§ **WHAT TO WORK ON**: Repeat the data below in full. Pictures must not be part of the copy.

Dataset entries
################

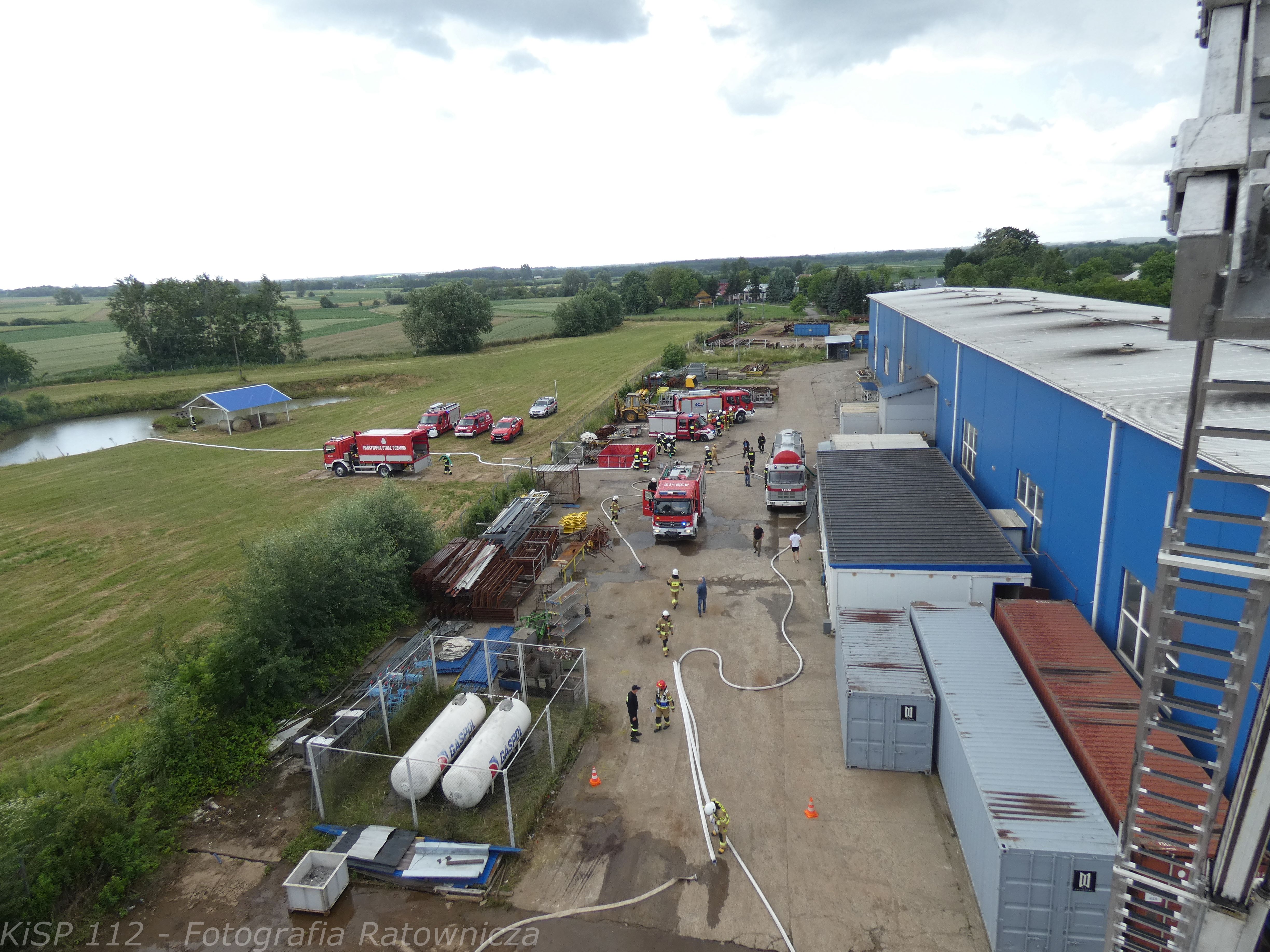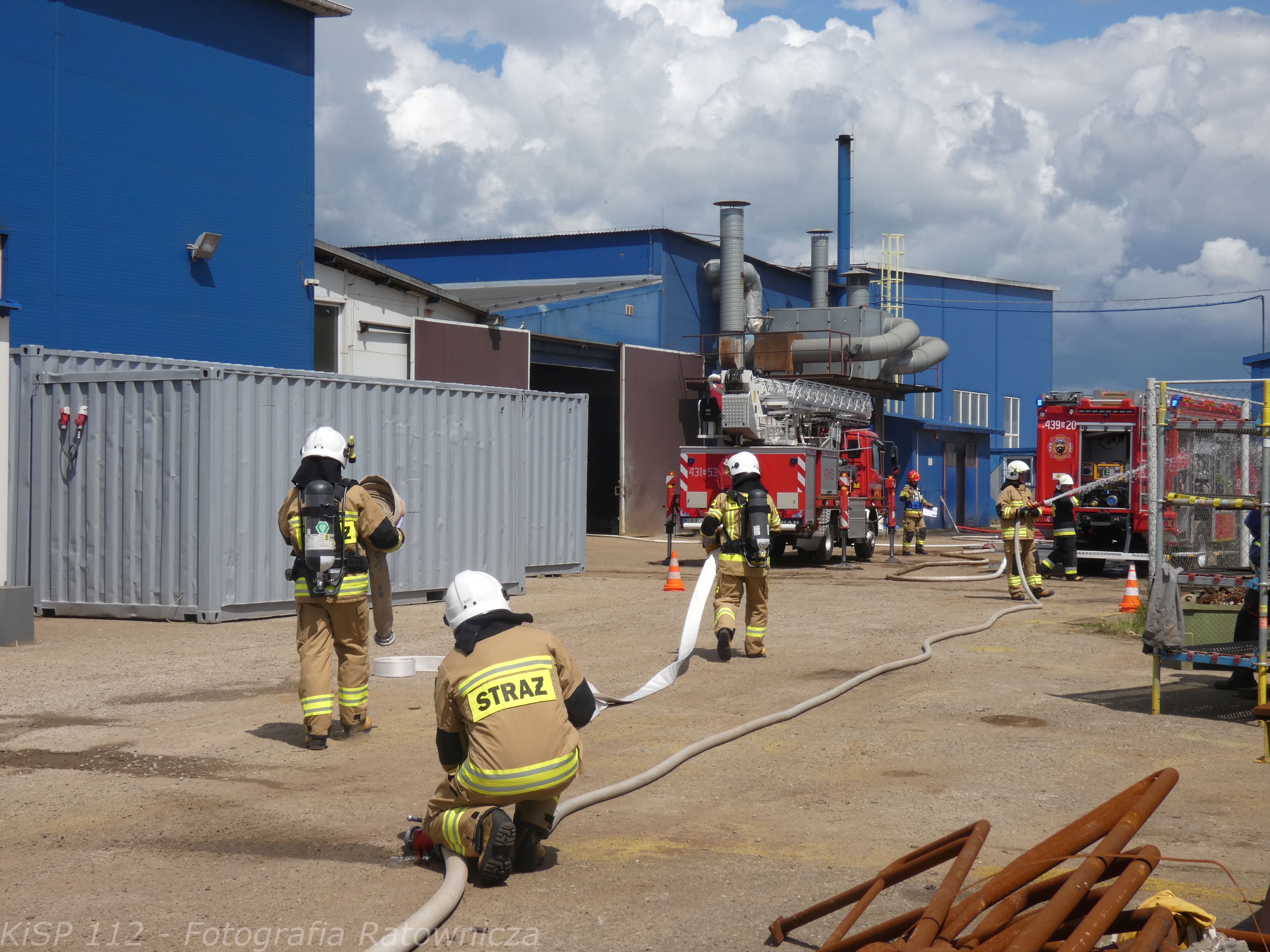 Ze względu na rodzaj działalności zaplanowano ćwiczenia w dwóch epizodach. Pierwszy z nich przewidywał powstanie pożaru w wyniku awarii kotła na paliwo stałe. Ogień z ciepłowni błyskawicznie rozprzestrzenia się na dalsze części ( hale) obiektu, jak również stanowi poważne i realne zagrożenie dla zbiorników z propanem butanem.
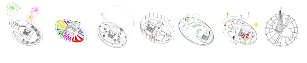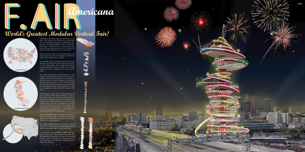 …The f.AIR AMERICANA enhances the positive qualities of the county fair, and the amusement, but uses the verticality to save from space, energy, as well as making it accessible by locating it in publicly accessible centers and near transportation hubs…
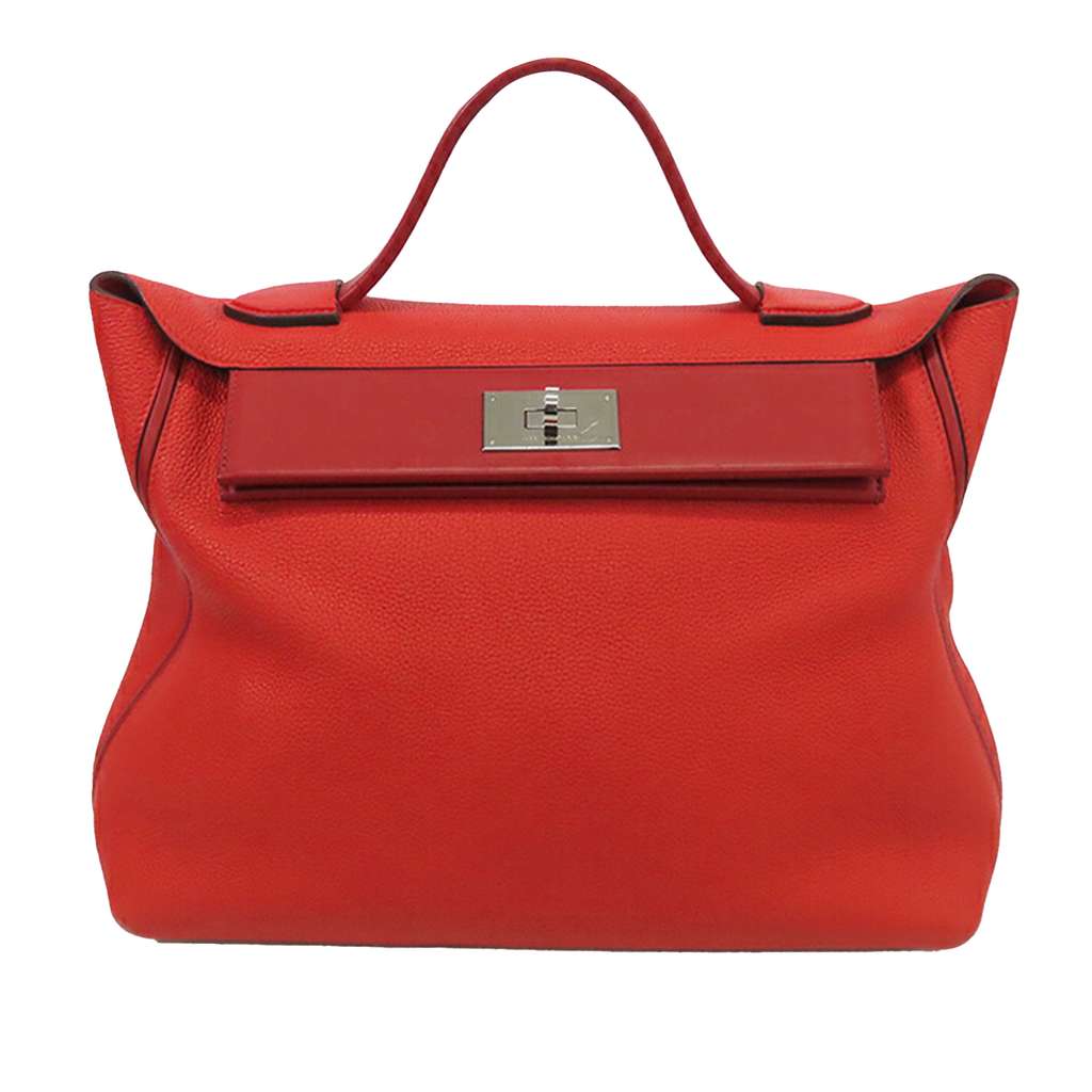 This 24/24 features a Maurice and Swift leather body in Rouge de Coeur and Rouge Piment colors, a flat leather top handle, a top flap with twist lock closure an exterior back slip pocket, and an interior zip pocket.
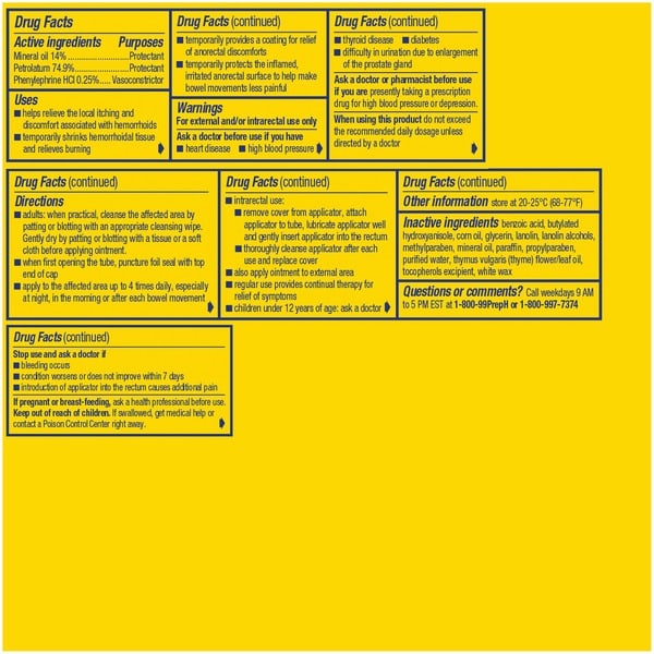 Ask a doctor before use if you have heart disease high blood pressure thyroid disease diabetes difficulty in urination due to enlargement of the prostate gland. Ask a doctor or pharmacist before use if you are presently taking a prescription drug for high blood pressure or depression. For external and/or intrarectal use only . If pregnant or breast-feeding, ask a health professional before use. Keep out of reach of children. If swallowed, get medical help or contact a Poison Control Center right away. intrarectal use: remove cover from applicator, attach applicator to tube, lubricate applicator well and gently insert applicator into the rectum thoroughly cleanse applicator after each use and replace cover also apply ointment to external area regular use provides continual therapy for relief of symptoms children under 12 years of age: ask a doctor. Stop use and ask a doctor if bleeding occurs condition worsens or does not improve within 7 days introduction of applicator into the rectum causes additional pain. When using this product do not exceed the recommended daily dosage unless directed by a doctor.
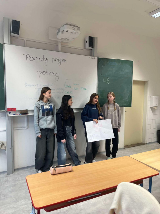 Ve třetí hodině se žáci věnovali příběhům lidí trpících poruchami příjmu potravy. Úkolem bylo identifikovat konkrétní diagnózu, popsat příznaky a zamyslet se nad možnými následky dané situace. Tato aktivita podpořila jejich schopnost analyzovat a vcítit se do problémů druhých.
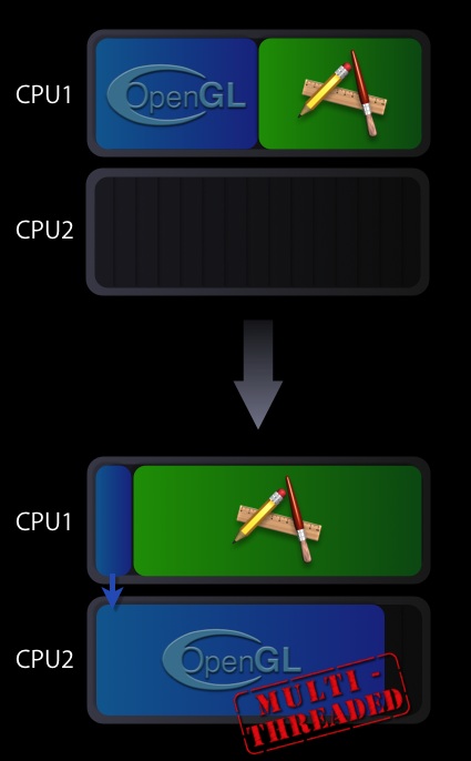 If you enable multi-threaded OpenGL execution in your application, some of the execution time spent in the OpenGL framework is transferred to a second thread. The second thread will optimally run on one of the available CPU cores. Since part of the OpenGL framework’s workload has been parallelized, OpenGL calls will return control to your application sooner and more CPU cycles will be available for its main thread.
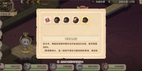 挑战天王时,若全程选择上方选项,可触发第三结局(若全部选下方则是第一结局)。这一关的核心要点在于第二位天王,开战前借助左下角的充能功能把防御提升到最大值,保证队伍无人减员地通过。之后依靠击败天王所得到的增益效果,后续的战斗就算不进行额外强化也能顺利开展,只要在每次战斗前关注血量并及时回复,就能轻松通关。
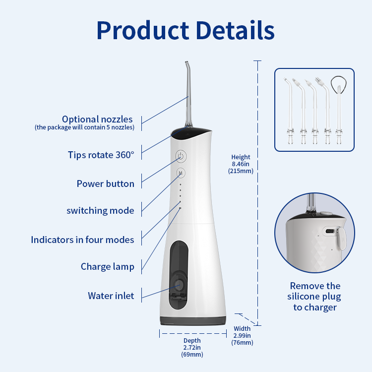 Nom du produit:Hydropulseur dentaire pour adultes - Jet d'eau pour hygiène bucco-dentaire
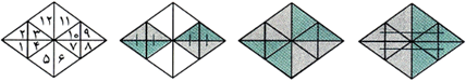 حل: در شکل ۱۲ مثلث یک قسمتی، ۸ مثلث دو قسمتی، ۴ مثلث سه قسمتی، ۴ مثلث شش قسمتی و در مجموع ۲۸ مثلث وجود دارد.
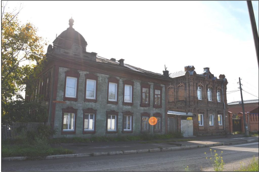 1. Градостроительная характеристика.Здание расположено в исторической части города, главным северо-западным фасадом ориентировано вдоль красной линии застройки улицы Льва Толстого. 2. Объёмно-пространственное решение и габариты здания.Двухэтажное здание Г-образной в плане формы, состоит из двух прямоугольных в плане объемов. Небольшой объем главным северо-западным фасадом размещен вдоль улицы Льва Толстого, к нему примыкает со стороны двора объем, вытянутый вглубь участка. Вход в помещения организован со стороны северо-восточного фасада.3. Конструктивные особенности здания.Стены и декоративные элементы выполнены из красного кирпича лицевой кладки. Конструкция крыши чердачная со слуховыми окнами, кровля из листового металла, водосток организованный.4. Декоративное оформление фасадов.Северо-восточный и северо-западный фасады имеют идентичный богатый декор с применением усложненных декоративных элементов кирпичной кладки. Горизонтальное членение главных фасадов подчеркнуто карнизом и фризом, дополненным рядом сухариков. Первый и второй этажи разделяет сложной формы двойной междуэтажный пояс, декорированный нишами с овальными накладными элементами, по нижней части пояса проходит ряд зубчиков. Углы здания фланкированы рустованными лопатками с завершения-ми в уровне междуэтажного пояса в виде трезубца. На втором этаже лопатки продолжены круглыми полуколоннами с капителями, объединенными в уровне карниза стрельчатыми арками, завершены парапетными надкарнизными столбиками с фронтонами с четырех сторон. Крайняя левая ось северо-западного фасада объединена в общую композицию с крайней правой осью северо-восточного фасада аналогичными полуколоннами.Северо-западный фасад, ориентированный на улицу, выполнен в три оси оконных проемов. По центральной оси фасад завершен фигурным ат-тиком, который обрамлен профилированной тягой и имеет криволинейное очертание с навершием. В тимпане аттика небольшое стрельчатое окно в наличнике с криволинейным фартуком.Оконные проемы прямоугольные с Т-образной расстекловкой. В уровне первого этажа окна более высокие, декорированы прямыми сандриками, нижняя часть которых завершается остроконечными элементами. На средней оси северо-западного фасада проем имеет полуналичник с арочным подвышением над средней частью, завершенный полочками.Окна второго этажа декорированы фигурными полуналичниками с криволинейными разорванными завершениями в верхней части фронтона. Северо-восточный фасад выполнен в семь осей оконных проемов, включая ризалит в две оси правого фланга. На первом этаже по пятой оси организован вход в здание. Юго-западный и юго-восточный фасады декоративного убранства не имеют.Общая оценка общественной, научно-исторической и художествен-ной значимости памятникаОбъект культурного наследия является характерным для городской застройки Сибири купеческим жилым домом начала ХХ века с оригинальными декоративными элементами, выполненными в формах эклектики.
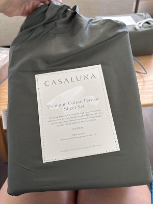 Elevate your bedroom with this Percale Sheet Set from Casaluna™. This four-piece bedding set includes one fitted sheet, one flat sheet and two pillowcases, all crafted in a solid shade for a refined touch. Each piece is made from 100% cotton with a 400 thread count for comfortable use and can be tossed in the washing machine for quick and easy cleaning.
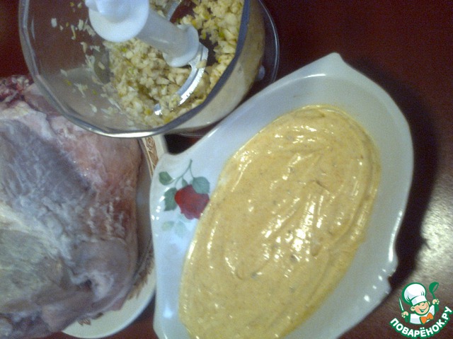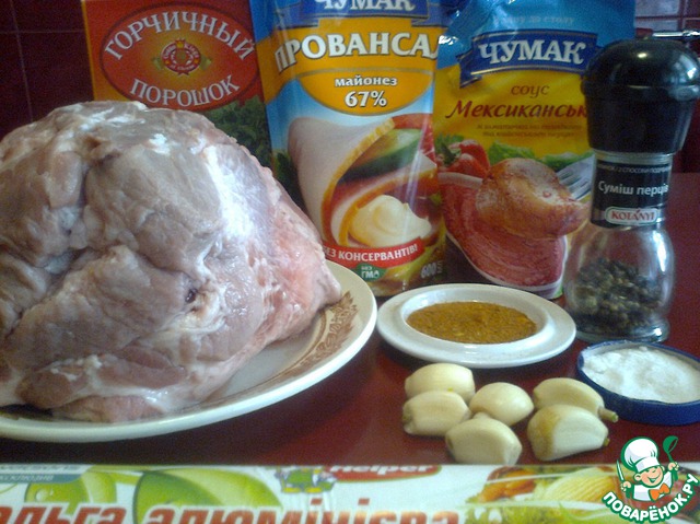 Теперь обмазываем мясо со всех сторон соусом и чесноком. Выкладываем на фольгу и заматываем. Выпекать в духовке при 180' С в течение 1,5 часа (если мяса больший кусок - тогда запекаем дольше).
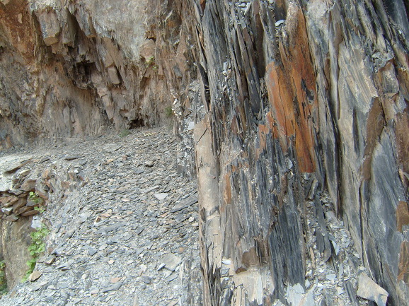 가까이서 보면 바위가 결이 있고 매우 약한 재질임을 알 수 있습니다. 간단한 손망치로도 쉽게 부술 수 있습니다. 이렇게 차마고도길은 하나하나 사람손으로 깨고 파서 만들어 놓은 것입니다.
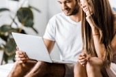 blurred and happy lesbian couple watching movie on laptop

################

§ **WRITTEN REPLY**:
 Ze względu na rodzaj działalności zaplanowano ćwiczenia w dwóch epizodach. Pierwszy z nich przewidywał powstanie pożaru w wyniku awarii kotła na paliwo stałe. Ogień z ciepłowni błyskawicznie rozprzestrzenia się na dalsze części ( hale) obiektu, jak również stanowi poważne i realne zagrożenie dla zbiorników z propanem butanem.
 …The f.AIR AMERICANA enhances the positive qualities of the county fair, and the amusement, but uses the verticality to save from space, energy, as well as making it accessible by locating it in publicly accessible centers and near transportation hubs…
 This 24/24 features a Maurice and Swift leather body in Rouge de Coeur and Rouge Piment colors, a flat leather top handle, a top flap with twist lock closure an exterior back slip pocket, and an interior zip pocket.
 Ask a doctor before use if you have heart disease high blood pressure thyroid disease diabetes difficulty in urination due to enlargement of the prostate gland. Ask a doctor or pharmacist before use if you are presently taking a prescription drug for high blood pressure or depression. For external and/or intrarectal use only . If pregnant or breast-feeding, ask a health professional before use. Keep out of reach of children. If swallowed, get medical help or contact a Poison Control Center right away. intrarectal use: remove cover from applicator, attach applicator to tube, lubricate applicator well and gently insert applicator into the rectum thoroughly cleanse applicator after each use and replace cover also apply ointment to external area regular use provides continual therapy for relief of symptoms children under 12 years of age: ask a doctor. Stop use and ask a doctor if bleeding occurs condition worsens or does not improve within 7 days introduction of applicator into the rectum causes additional pain. When using this product do not exceed the recommended daily dosage unless directed by a doctor.
 Ve třetí hodině se žáci věnovali příběhům lidí trpících poruchami příjmu potravy. Úkolem bylo identifikovat konkrétní diagnózu, popsat příznaky a zamyslet se nad možnými následky dané situace. Tato aktivita podpořila jejich schopnost analyzovat a vcítit se do problémů druhých.
 If you enable multi-threaded OpenGL execution in your application, some of the execution time spent in the OpenGL framework is transferred to a second thread. The second thread will optimally run on one of the available CPU cores. Since part of the OpenGL framework’s workload has been parallelized, OpenGL calls will return control to your application sooner and more CPU cycles will be available for its main thread.
 挑战天王时,若全程选择上方选项,可触发第三结局(若全部选下方则是第一结局)。这一关的核心要点在于第二位天王,开战前借助左下角的充能功能把防御提升到最大值,保证队伍无人减员地通过。之后依靠击败天王所得到的增益效果,后续的战斗就算不进行额外强化也能顺利开展,只要在每次战斗前关注血量并及时回复,就能轻松通关。
 Nom du produit:Hydropulseur dentaire pour adultes - Jet d'eau pour hygiène bucco-dentaire
 حل: در شکل ۱۲ مثلث یک قسمتی، ۸ مثلث دو قسمتی، ۴ مثلث سه قسمتی، ۴ مثلث شش قسمتی و در مجموع ۲۸ مثلث وجود دارد.
 1. Градостроительная характеристика.Здание расположено в исторической части города, главным северо-западным фасадом ориентировано вдоль красной линии застройки улицы Льва Толстого. 2. Объёмно-пространственное решение и габариты здания.Двухэтажное здание Г-образной в плане формы, состоит из двух прямоугольных в плане объемов. Небольшой объем главным северо-западным фасадом размещен вдоль улицы Льва Толстого, к нему примыкает со стороны двора объем, вытянутый вглубь участка. Вход в помещения организован со стороны северо-восточного фасада.3. Конструктивные особенности здания.Стены и декоративные элементы выполнены из красного кирпича лицевой кладки. Конструкция крыши чердачная со слуховыми окнами, кровля из листового металла, водосток организованный.4. Декоративное оформление фасадов.Северо-восточный и северо-западный фасады имеют идентичный богатый декор с применением усложненных декоративных элементов кирпичной кладки. Горизонтальное членение главных фасадов подчеркнуто карнизом и фризом, дополненным рядом сухариков. Первый и второй этажи разделяет сложной формы двойной междуэтажный пояс, декорированный нишами с овальными накладными элементами, по нижней части пояса проходит ряд зубчиков. Углы здания фланкированы рустованными лопатками с завершения-ми в уровне междуэтажного пояса в виде трезубца. На втором этаже лопатки продолжены круглыми полуколоннами с капителями, объединенными в уровне карниза стрельчатыми арками, завершены парапетными надкарнизными столбиками с фронтонами с четырех сторон. Крайняя левая ось северо-западного фасада объединена в общую композицию с крайней правой осью северо-восточного фасада аналогичными полуколоннами.Северо-западный фасад, ориентированный на улицу, выполнен в три оси оконных проемов. По центральной оси фасад завершен фигурным ат-тиком, который обрамлен профилированной тягой и имеет криволинейное очертание с навершием. В тимпане аттика небольшое стрельчатое окно в наличнике с криволинейным фартуком.Оконные проемы прямоугольные с Т-образной расстекловкой. В уровне первого этажа окна более высокие, декорированы прямыми сандриками, нижняя часть которых завершается остроконечными элементами. На средней оси северо-западного фасада проем имеет полуналичник с арочным подвышением над средней частью, завершенный полочками.Окна второго этажа декорированы фигурными полуналичниками с криволинейными разорванными завершениями в верхней части фронтона. Северо-восточный фасад выполнен в семь осей оконных проемов, включая ризалит в две оси правого фланга. На первом этаже по пятой оси организован вход в здание. Юго-западный и юго-восточный фасады декоративного убранства не имеют.Общая оценка общественной, научно-исторической и художествен-ной значимости памятникаОбъект культурного наследия является характерным для городской застройки Сибири купеческим жилым домом начала ХХ века с оригинальными декоративными элементами, выполненными в формах эклектики.
 Elevate your bedroom with this Percale Sheet Set from Casaluna™. This four-piece bedding set includes one fitted sheet, one flat sheet and two pillowcases, all crafted in a solid shade for a refined touch. Each piece is made from 100% cotton with a 400 thread count for comfortable use and can be tossed in the washing machine for quick and easy cleaning.
 Теперь обмазываем мясо со всех сторон соусом и чесноком. Выкладываем на фольгу и заматываем. Выпекать в духовке при 180' С в течение 1,5 часа (если мяса больший кусок - тогда запекаем дольше).
 가까이서 보면 바위가 결이 있고 매우 약한 재질임을 알 수 있습니다. 간단한 손망치로도 쉽게 부술 수 있습니다. 이렇게 차마고도길은 하나하나 사람손으로 깨고 파서 만들어 놓은 것입니다.
 blurred and happy lesbian couple watching movie on laptop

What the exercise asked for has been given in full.